But a peppery man's good humour is often as near the surface as his bad. I detected a pleasant sparkle in his eye.

'Pardon me, Excellenz,' said I, 'my presence here is the best proof of my sincerity.'

'That,' said he sharply, 'is what every rascal might plead when caught with a rebel's pass in his pocket. Geleitsbriefe fur Schurken sind Steckbriefe fur die Gerechtigkeit.' (Safe-conduct passes for knaves are writs of capias to honest men.)

I answered: 'But an English gentleman is not a knave; and no one knows the difference better than your Excellenz.' The term 'Schurken' (knaves) had stirred my fire; and though I made a deferential bow, I looked as indignant as I felt.

'Well, well,' he said pacifically, 'you may go about your business. But SEHEN SIE, young man, take my advice, don't satisfy your curiosity at the cost of a broken head. Dazu gehoren Kerle die eigens geschaffen sind.' As much as to say: 'Leave halters to those who are born to be hanged.'

Indeed, the old fellow looked as if he had enjoyed life too well to appreciate parting with it gratuitously.

I had nothing with me save the clothes on my back. When I should again have access to the 'Erzherzcg Carl' was impossible to surmise. The only decent inn I knew of outside the walls was the 'Golden Lamm,' on the suburb side of the Donau Canal, close to the Ferdinand bridge which faces the Rothen Thurm Thor. Here I entered, and found it occupied by a company of Nassau JAGERS. A barricade was thrown up across the street leading to the bridge. Behind it were two guns.

One end of the barricade abutted on the 'Golden Lamm.' With the exception of the soldiers, the inn seemed to be deserted; and I wanted both food and lodging. The upper floor was full of JAGERS. The front windows over-looked the Bastei. These were now blocked with mattresses, to protect the men from bullets. The distance from the ramparts was not more than 150 yards, and woe to the student or the fat grocer, in his National Guard uniform, who showed his head above the walls.

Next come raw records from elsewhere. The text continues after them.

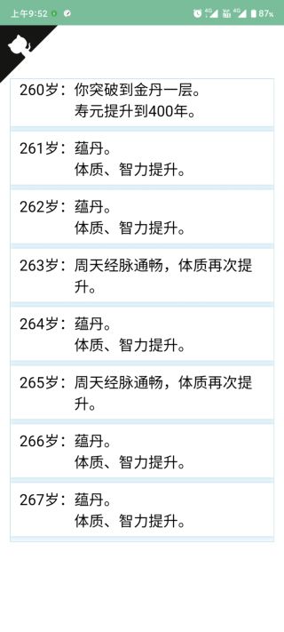 突破到金丹:智力+2,体质+20,寿命上限提升到400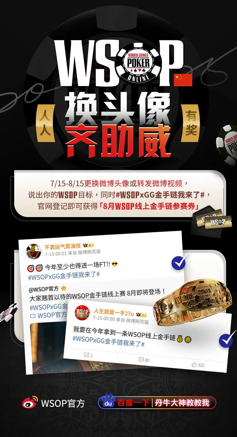 『WSOP换头像齐助威』活动上线后一周内反应热烈,已有众多扑克爱好者换上头像、转发视频、留言许愿,也为自己争取到8月WSOP金手链线上赛的参赛机会!
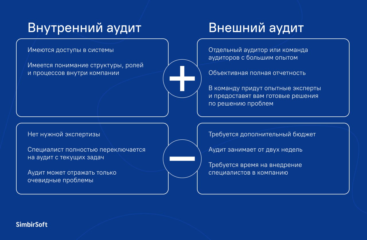 Аудиторами могут стать как внешние компании, так и сотрудники, обладающие необходимой экспертизой. Решить, что вам подойдет лучше, поможет таблица 👇 А бонусом публикуем чек-лист для внутреннего экспресс-аудита 👁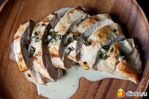 4. Затем когда пройдет 5-10 минут, вынуть курицу из духовки и залить смесь сливок с луком, поставить обратно до приготовления (примерно 30 минут, это зависит от размера грудок)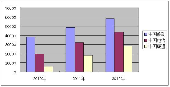 圖表5三大電信運(yùn)營(yíng)商中高端自主服務(wù)終端設(shè)備2010-2012年保有量預(yù)測(cè)
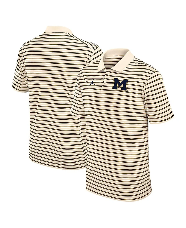 Jordan Men's Tan/Navy Michigan Wolverines Striped Primary Logo Performance Polo Shirt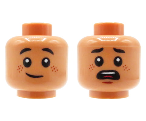 LEGO minifig head - child / boy, nougat, freckles, dual sided (smile / scared). Head new, comes from an original LEGO set.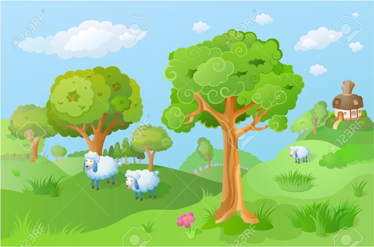 Vettoriale Lamb Nel Paesaggio Cartone Animato Casa Fata E Visto In Lontananza Divertenti Cartoni Animati E Il Vettore Di Scena Image 35266421
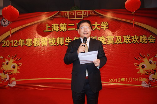 教委副主任李瑞阳首先致辞。他充分肯定了二工大51年的发展历程和在2011年学校所取得的成绩,他希望二工大抓住机 遇,进一步完善、推进职业教育立交桥建设,探索高层次应用型人才培养模式;以2012年搬迁浦东10周年为契机,进一步做好“与企业同行,和浦东同辉”工 作,为浦东二次创业、为上海经济转型培养更多创新应用型人才。并代表上海市教委向留校师生,致以新春的祝福,祝愿大家学业有成、幸福安康!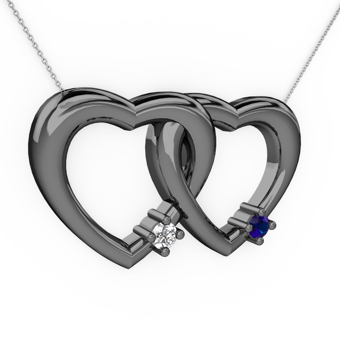 Pırlanta ve lab safir 925 ayar siyah rodyum kaplama gümüş kolye (0.036 karat, 40 cm beyaz altın rolo zincir)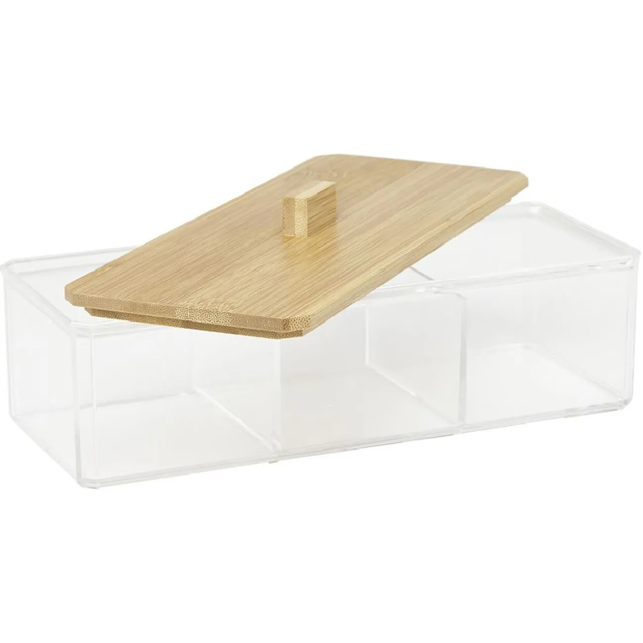 Rangement rectangulaire transparent avec un couvercle en bambou pour y mettre vos cotons tiges.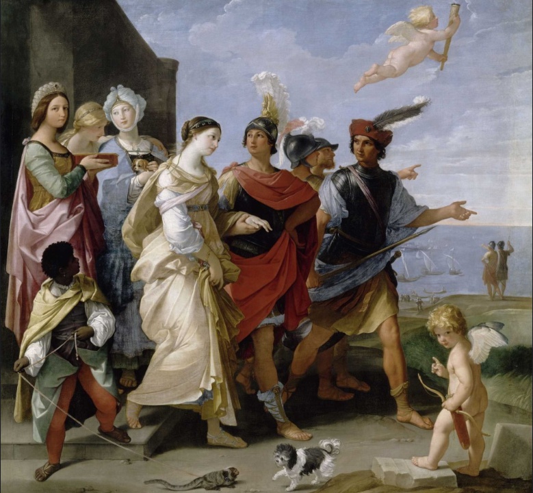 헬레네는 <헬레네의 납치>에서 유혹당하는 여성 여성의 이미지가 강조되어 그려진다. 트로이 전쟁은 트로이 왕자 파리스가 스파르타의 왕비 헬레네를 납치해 트로이로 데려가면서 시작된다. 헬레네가 파리스에 의해 납치당했다는 것이 일반적인 이야기이지만, 헬레네가 젊고 잘생긴 트로이의 왕자 파리스의 유혹에 기꺼이 넘어가 남편을 배신했다는 이야기도 전해진다. 헬레네가 납치당한 것이 아니라 남편 메넬라오스의 보물까지 챙겨 적극적으로 파리스를 따라 나섰다는 것이다. 귀도 레니의 작품 <헬레네의 납치>는 바로 이 두 번째 이야기에 초점을 맞추고 있다. 작품 제목은 <헬레네의 납치>이지만 헬레네의 모습은 전혀 납치를 당하는 여인의 모습이 아니다. 남편을 버리고 정부와 달아나는 헬레네의 모습에는 추호의 망설임도 없고 오히려 당당함이 느껴진다. 젊고 잘 생긴 왕자 파리스와 새로운 곳에서 새로운 생활을 시작하는 것에 대한 기대감에 부풀은 채 어서 빨리 트로이로 가려는 듯, 가벼운 발걸음으로 배를 향해 가는 모습이다.

While I was in the attics a gun above the city gate fired at the battery below. I ran down a few minutes later to see the result. One artilleryman had been killed. He was already laid under the gun-carriage, his head covered with a cloak.

The storming took place a day or two afterwards. One of the principal points of resistance had been at the bottom of the Jagerzeile. The insurgents had a battery of several guns here; and the handsome houses at the corners facing the Prater had been loop-holed and filled with students. I walked round the town after all was over, and was especially impressed with the horrors I witnessed. The beautiful houses, with their gorgeous furniture, were a mass of smoking ruins. Not a soul was to be seen, not even a prowling thief.

I picked my way into one or two of them without hindrance.

Here and there were a heap of bodies, some burnt to cinders, some with their clothes still smouldering. The smell of the roasted flesh was a disgusting association for a long time to come. But the whole was sickening to look at, and still more so, if possible, to reflect upon; for this was the price which so often has been, so often will be, paid for the alluring dream of liberty, and for the pursuit of that mischievous will-o'-the-wisp - jealous Equality.